Signs of strong 3D quantum confinement in 0D perovskite NCs were recently observed in the work by Huang et al.²⁹ (Figure 3d). Herein, the re-precipitation technique was used to prepare MAPbBr₃ NCs with tunable emission by altering the temperature of the bad solvent. A certain amount of the perovskite precursor solution with oleylamine as the organic ligand was quickly injected under vigorous stirring into the toluene, which had been pre-cooled or heated to specific temperatures between 0 and 60 °C. The PL emission wavelength of the resulting NCs ranged from 475–520 nm, with a high PLQY of 74 to 93%, and short radiative lifetimes of only 13−27 ns in comparison with non-radiative lifetimes of 100 ns and longer.

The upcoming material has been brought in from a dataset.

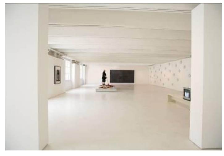
19 Urs Luthi 3 november - 2 december 2007

Methods such as emulsion synthesis⁴⁹ and electrospray technique coupled antisolvent−solvent extraction⁵⁰ have been used for the synthesis of perovskite NCs of different morphologies, mostly yielding rather polydisperse nanoparticles. It has been shown that nearly monodisperse blue-emitting nanoplatelets and green-emitting nanorods can be prepared in 1-octadecene at high temperature.⁵¹ Micro-crystals and NCs comprising layered quasi-2D perovskites in the form of A₂PbX₄, A₄PbX₆ and A(A′)₂Pb₂X₇ were also reported to be luminescent.^{52, 53, 54} Chen et al.⁵⁵ synthesized nano- and micro-sized MAPbI₃ perovskite crystals by using mild heating of MAI and PbI₂ in different polar solvents. By using solvents with different polarities, MAPbI₃ NCs of different shapes (cubes, rods and hexagons) were obtained. Zhu et al.⁵⁶ reported different morphologies for MAPbX₃ NCs with shape-correlated PL by varying the solvents and using different capping ligands. The same group were also the first to report on the instability of perovskite nanostructures under the electron beam in TEM measurements, warning on the correlation of the morphology observed in the TEM with the actual shape of nanoparticles in colloidal dispersions. This was further corroborated by studies of Sichert et al.²⁵ who showed that the electron beam could degrade the perovskite nanoplatelets, producing small spherical particles comprising metallic lead or lead bromide.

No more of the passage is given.